Reading this makes me think through something I wrote regarding a difficult time in my life – my dad having cancer. How I threw out there on the table my feelings – open and raw. Basically I said God, I don’t get it. I don’t understand. I can’t take anymore of this right now! I don’t think my heart has the capacity for it. I don’t think my body has the capacity for it. I don’t know if I have the internal strength for it. And yet even as those words come out of my mouth I know you are here. I know you will comfort me. I know you will work through this with me like you have done in the past – carrying me when needed. In this moment I accept that you are God and I am not. I don’t have to have an answer to why; I just need to know that you are here. You are here with me. Amen.
@gritandglory says:
mmmmm….
amen.
@chrystieecole says:
I read another blog on the story of Shadrach, Meshach and Abednego many months ago. The author of that blog pointed out the phrase, “but even if…”. That has been stuck with me ever since. “Our God will rescue us, but even if he doesn’t…God will help me find work, but even if He doesn’t…God will help me have a child, but even if He doesn’t…” I love that they were certain of God’s faithfulness and that He would save them, but that even if He didn’t they would not bow down to any other god. I see this story as a great example of not placing our knowledge of God’s faithfulness in our present circumstances, but instead in His character. I love, love, love this story!!!
@gritandglory says:
there is such weight in that phrase—”but even if He doesn’t.”
i SO want that kind of faith.
@chrystieecole says:
So do I!!!!!!!
244 posts in my Reader, but I stopped by to read this one.

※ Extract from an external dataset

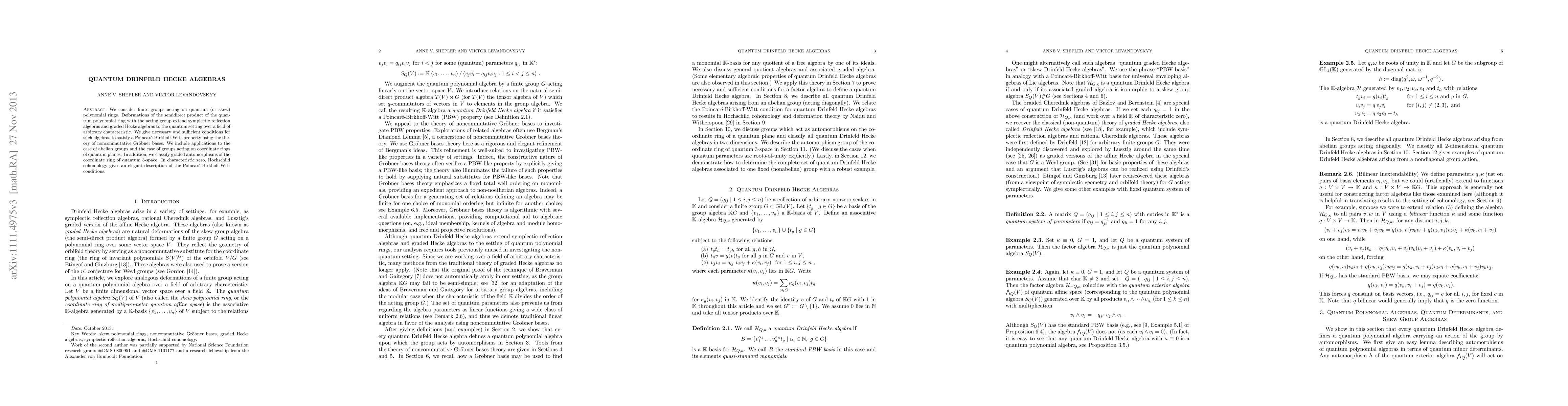 This paper explores quantum Drinfeld Hecke algebras, extending symplectic reflection and graded Hecke algebras to quantum polynomial rings via group actions. It provides conditions for Poincare-Birkhoff-Witt property using noncommutative Groebner bases, with applications to abelian groups and quantum planes. The research also classifies automorphisms of quantum 3-space's coordinate ring, offering Hochschild cohomology description in characteristic zero.

I love the details that you’ve pulled out in this – the cords being gone … not even the smell of fire … wow. What a thing for God to say. The cords that bound you going into the fire, are exactly what the fire is intended to consume. Not you; the cords. In the fire, these men were freed. And on the other side of the fire … no hint that they had even been near a flame. It’s like … some things we walk through are SO horrendous (or even potentially horrendous) that we think there’s no way that they won’t scar us for life. We’re certain we’ll live with the pain or loss of something for the rest of our lives. But this Scripture is saying … not one scar. Not one pain. Not one little ow-y. Not even a hair singed (which wouldn’t hurt.) Not even the smell of smoke. That’s our God. You’ll still come out whole. Even through the fire.
@gritandglory says:
i hadn’t thought of it in that way… that the only thing that’s burned up is that which binds me. what a powerful truth.
and i have to say how honored i felt that you stopped by to read me, with so much good reading waiting for you. thank you!